• Task to complete: The result should be the full listing copied exactly, with no pictures in it.

• Exercise data:
☆ ☆ ☆

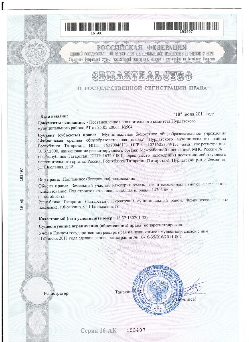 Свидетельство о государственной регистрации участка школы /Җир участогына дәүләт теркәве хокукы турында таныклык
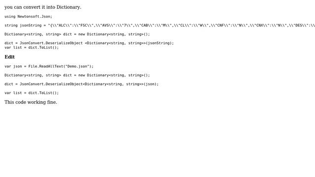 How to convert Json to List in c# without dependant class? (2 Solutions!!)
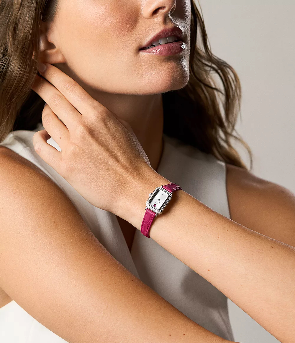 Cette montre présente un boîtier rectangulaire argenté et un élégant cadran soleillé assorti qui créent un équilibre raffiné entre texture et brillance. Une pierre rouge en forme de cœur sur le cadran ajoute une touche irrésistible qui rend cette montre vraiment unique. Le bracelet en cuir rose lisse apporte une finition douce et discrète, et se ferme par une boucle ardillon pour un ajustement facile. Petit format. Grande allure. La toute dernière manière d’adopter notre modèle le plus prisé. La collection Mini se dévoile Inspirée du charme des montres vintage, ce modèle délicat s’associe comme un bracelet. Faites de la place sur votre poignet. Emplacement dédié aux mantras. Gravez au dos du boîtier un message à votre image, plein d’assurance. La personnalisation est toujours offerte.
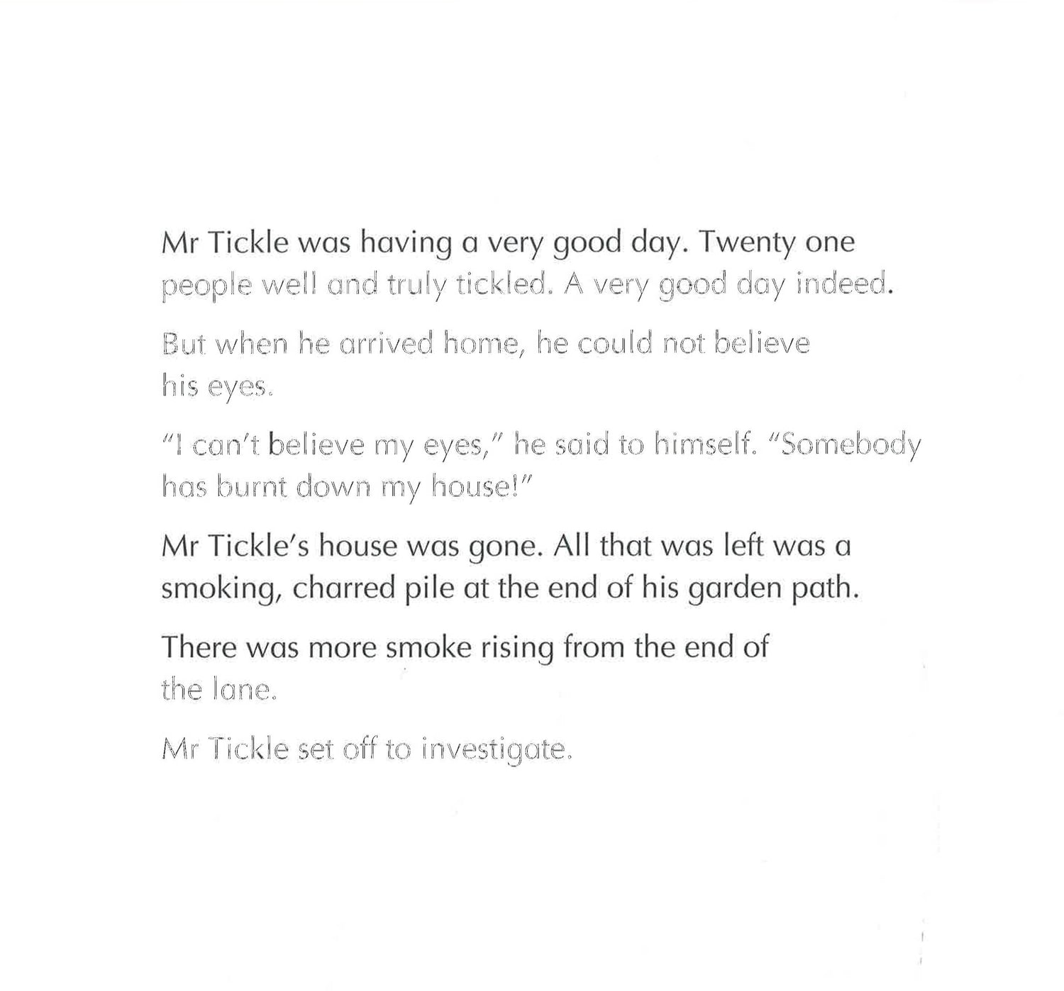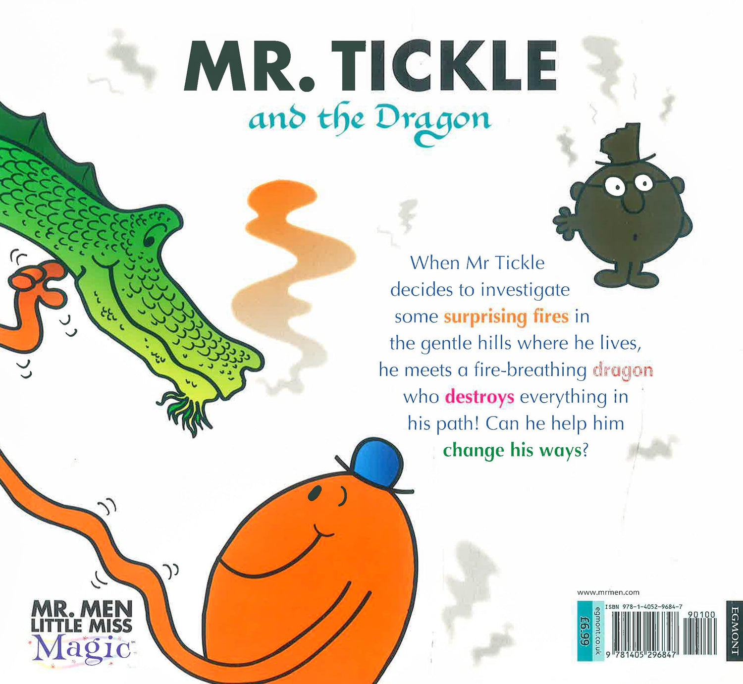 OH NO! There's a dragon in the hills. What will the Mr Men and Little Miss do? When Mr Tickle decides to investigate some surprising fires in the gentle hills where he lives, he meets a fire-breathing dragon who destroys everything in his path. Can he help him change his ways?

☆ ☆ ☆

• Solution to this exercise:
 Свидетельство о государственной регистрации участка школы /Җир участогына дәүләт теркәве хокукы турында таныклык
 How to convert Json to List in c# without dependant class? (2 Solutions!!)
 Cette montre présente un boîtier rectangulaire argenté et un élégant cadran soleillé assorti qui créent un équilibre raffiné entre texture et brillance. Une pierre rouge en forme de cœur sur le cadran ajoute une touche irrésistible qui rend cette montre vraiment unique. Le bracelet en cuir rose lisse apporte une finition douce et discrète, et se ferme par une boucle ardillon pour un ajustement facile. Petit format. Grande allure. La toute dernière manière d’adopter notre modèle le plus prisé. La collection Mini se dévoile Inspirée du charme des montres vintage, ce modèle délicat s’associe comme un bracelet. Faites de la place sur votre poignet. Emplacement dédié aux mantras. Gravez au dos du boîtier un message à votre image, plein d’assurance. La personnalisation est toujours offerte.
 OH NO! There's a dragon in the hills. What will the Mr Men and Little Miss do? When Mr Tickle decides to investigate some surprising fires in the gentle hills where he lives, he meets a fire-breathing dragon who destroys everything in his path. Can he help him change his ways?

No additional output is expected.